14 Dec 2023 14:53

Putin confirms position on temporary nature of requirement to repatriate, sell forex earnings

MOSCOW. Dec 14 (Interfax) - The requirement for mandatory repatriation and sale of foreign currency earnings by large Russian exporters, as implemented by the Russian presidential decree in October, are temporary, President Vladimir Putin noted, reviewing the year on live TV.

"By the way, the decree that was intended to regulate the situation with currency - this partly affects the exchange rate - it of course has played its role all the same. This is owing to the fact that there had been no need for any restrictions in previous years, because we received sufficient information from the countries where a significant volume of our exports goes," Putin said.

"We understood the movement of capital. Now we do not receive information from there, as they have closed this for us, [and] the government and the Central Bank do not see what is happening with the volumes of funds that our exporters receive from exports. The Central Bank and the government have a legitimate desire to see how rubles are accumulating, how they travel, where, [and] in what volumes. In this sense, the decree introduces elements of certain control.

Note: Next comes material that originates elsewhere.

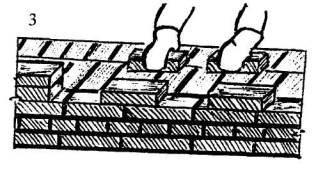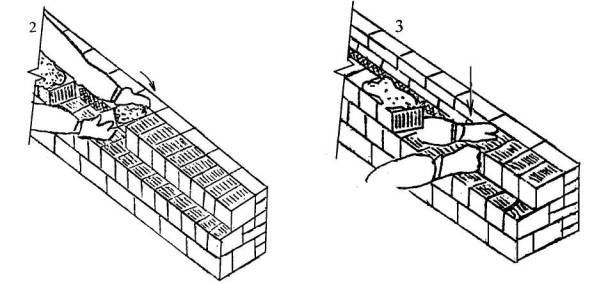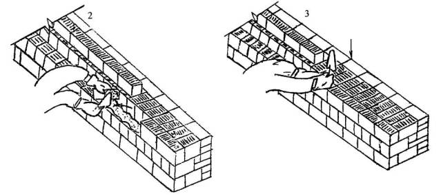 Каменщик К-1 разравнивает раствор кельмой, затем он берет обеими руками за торцовые грани камня и подносит его к месту укладки, постепенно поворачивая его так, чтобы его грань с раствором заняла вертикальное положение (поз. 2). Чтобы раствор не сползал, окончательный поворот камня каменщик К-1 осуществляет в момент осаживания камня на постель. Укладывая камень на место, каменщик передвигает левую руку вверх по тычковой грани, затем он плотно прижимает укладываемый камень к ранее уложенным (поз. 3) и осаживает его нажимом руки.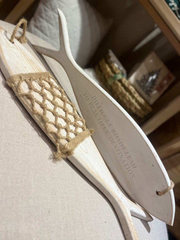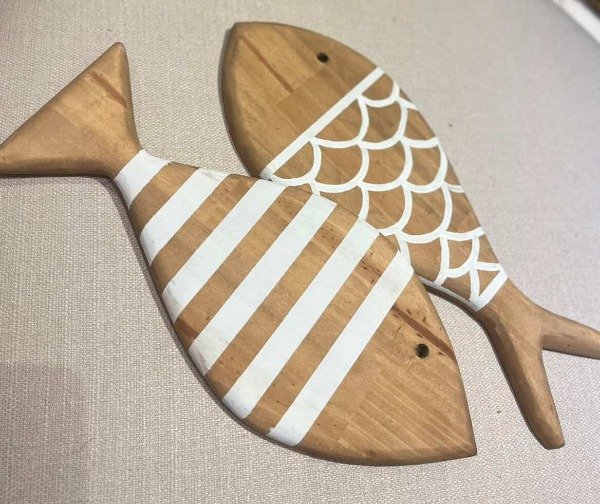 Blanco y madera: 39 cm de largo x 15 cm de ancho.

However, I proceed from the fact that everything will return to normal, [and] this is temporary," the president said.

In October, a presidential decree was issued, followed by a government decree, which introduced requirements for the mandatory repatriation and sale of part of foreign currency earnings for six months, until April 30, 2024. The presidential decree itself, which contains a list of the exporting companies covered by it, is classified as Eyes Only and is not published. The only reporting on it said that the list included 43 groups of companies. In accordance with the procedure approved by the government, as of October 16, within 60 days from the date of receipt of funds, companies included in the list are required to credit to their accounts in Russian banks at least 80% of all foreign currency received in accordance with the terms of their export contracts. They are also obliged to sell at least 90% of credited foreign exchange earnings on the country's domestic market within two weeks (but not less than 50% of the funds received in accordance with each export contract, within no more than 30 days from the date of receipt).

The requirements also apply to subsidiaries of companies included in the decree, including those registered abroad; however, the exporter may request an exception by applying to a subcommittee of the government's Foreign Investment Commission.

Earlier, Russian Finance Minister Anton Siluanov also noted that these measures are temporary. "I hope that the measures that were taken - we saw that they have had their results, we'll see how the situation develops further - but I am sure that the restrictions that exist today will gradually go away," he said, noting that the financial and economic bloc in the government is "fully interested" in this.

Head of the Central Bank, Elvira Nabiullina, also previously confirmed the position of the Bank of Russia, which is wary of currency restrictions (except for "mirror" restrictions and those related to money laundering and terrorism financing) and insists that they should be limited in time.